Offering a set amount off ($10 off a $75 order) can be very tantalizing for buyers! It can take a product from just out of their budget and drop it right onto their to-buy/gift list. I have had very good luck with this type of sale, but remember to be very specific when marketing this kind of promotion – if the sale is only on purchases over X dollar amount, be very clear about the amount every time you promote it. It stinks to see an ad for a potentially great sale, just to visit the shop, add items to cart, and find out you have to spend $3 more to qualify but the cheapest product is $15 so you sigh & just close the browser. If I know going in I have to spend X amount, I’m more likely to just add the $15 item to my cart – aren’t you? Otherwise it feels like the sale is just a ploy to make money (which it usually is, but you never want your clients feeling that way).

Also, if the sale is only applicable to certain products you carry, be very detailed about what is included and excluded when promoting this sale, IE: “$10 off all purse purchases made today!! Sale excludes diaper bags, wallets, and wristlets.” Otherwise, make the discount applicable to all items in your store, or just hide the items you don’t want in the sale. Nothing is a bigger bummer than that ONE item you want not being part of the sale.

Things to keep in mind no matter what promotion you are running

  • Don’t be complicated – keep sales as simple as possible – don’t insert tons of terms and conditions, just offer discounts that are easy for buyers to use.
  • Keep discount codes short, simple and easy to remember.
  • Be very clear about the terms of your sale every time you mention so there is no confusion when the big day comes.
  • Photos are shared more via social media than text and link posts – create a banner for your sale event with all the details of the sale and your URL, and ask people to spread the word!
  • Be clear and adamant about when the sale starts and  ends. It is not fair to anyone if you let someone pre-shop or hold items at sale prices for late comers.
  • Be sure to note if other coupons or discount codes can be used in conjunction with your  sale. You may have a free shipping code floating around out there that someone may double up with the special. If double discounts aren’t okay with you, update all your listings and policies to reflect this and consider editing your banner to have this text visible at the top of your shop during the sale time and mention it several times via social media before the big sales starts. No one likes those pointy-finger posts after a sale starts & someone has doubled up, so be preemptive with the gentle reminder that you don’t allow two discounts to be used at once. If possible, deactivate all other codes during the sale.
  • Offer (free) gift wrapping and offer to ship to recipients – making gifting your products easy for buyers!

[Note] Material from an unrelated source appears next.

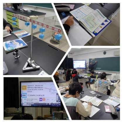 6年生が理科でてこのはたらきについて学習していました。おもりを吊り下げる場所と数を変えながら、てこが水平につり合うときのきまりについて、実験を通して検証していました。

If you have an indie biz: what sales/promotions have been most effective for you? As a shopper: what sales/promotions are most likely to push you to take the plunge & try a new indie businesses products or services? 

4 thoughts on “How to run a successful sale: A handmade shop owner’s guide to discounts & promotions”

  1. Thanks for the tips! I sell my jewelry on Etsy and deciding what kind of promotion to run usually feels like a bit of a coin toss. But as a buyer, I’d have to agree that free shipping or at least 20% off would probably be the most motivating.


  2. This is a little off topic, but I took a poll not too long ago about higher prices with free shipping versus “regular” prices and pay for shipping. Everyone would rather have the free shipping. The most stated reason was that they didn’t have to be concerned with surprise shipping costs at checkout. This circles back to what you were saying about simple sales and no surprises at the end.